== DATA FOR PROCESSING ==
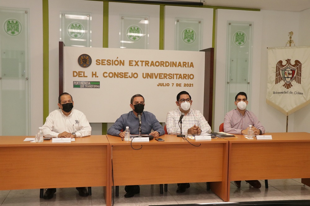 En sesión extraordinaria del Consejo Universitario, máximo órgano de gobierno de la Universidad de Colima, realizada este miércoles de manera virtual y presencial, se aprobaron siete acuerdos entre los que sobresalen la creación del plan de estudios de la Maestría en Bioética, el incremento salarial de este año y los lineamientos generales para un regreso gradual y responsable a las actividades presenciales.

* * *

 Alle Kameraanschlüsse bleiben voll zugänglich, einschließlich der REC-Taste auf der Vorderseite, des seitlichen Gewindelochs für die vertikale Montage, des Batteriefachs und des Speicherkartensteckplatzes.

* * *

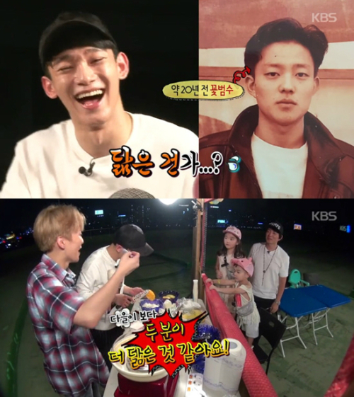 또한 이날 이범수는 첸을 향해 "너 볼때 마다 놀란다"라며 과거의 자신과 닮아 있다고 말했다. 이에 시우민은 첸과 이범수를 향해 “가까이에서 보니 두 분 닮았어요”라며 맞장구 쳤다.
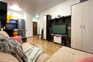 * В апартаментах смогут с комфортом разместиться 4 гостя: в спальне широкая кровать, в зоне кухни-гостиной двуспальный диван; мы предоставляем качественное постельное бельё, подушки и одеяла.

== THE TASK ==
From the listing above, restate verbatim the lines running from the one with "또한 이날 이범수는 첸을" through the one with "подушки и одеяла.", inclusive, but not the pictures.

== RESULT OF THE TASK ==
 또한 이날 이범수는 첸을 향해 "너 볼때 마다 놀란다"라며 과거의 자신과 닮아 있다고 말했다. 이에 시우민은 첸과 이범수를 향해 “가까이에서 보니 두 분 닮았어요”라며 맞장구 쳤다.
 * В апартаментах смогут с комфортом разместиться 4 гостя: в спальне широкая кровать, в зоне кухни-гостиной двуспальный диван; мы предоставляем качественное постельное бельё, подушки и одеяла.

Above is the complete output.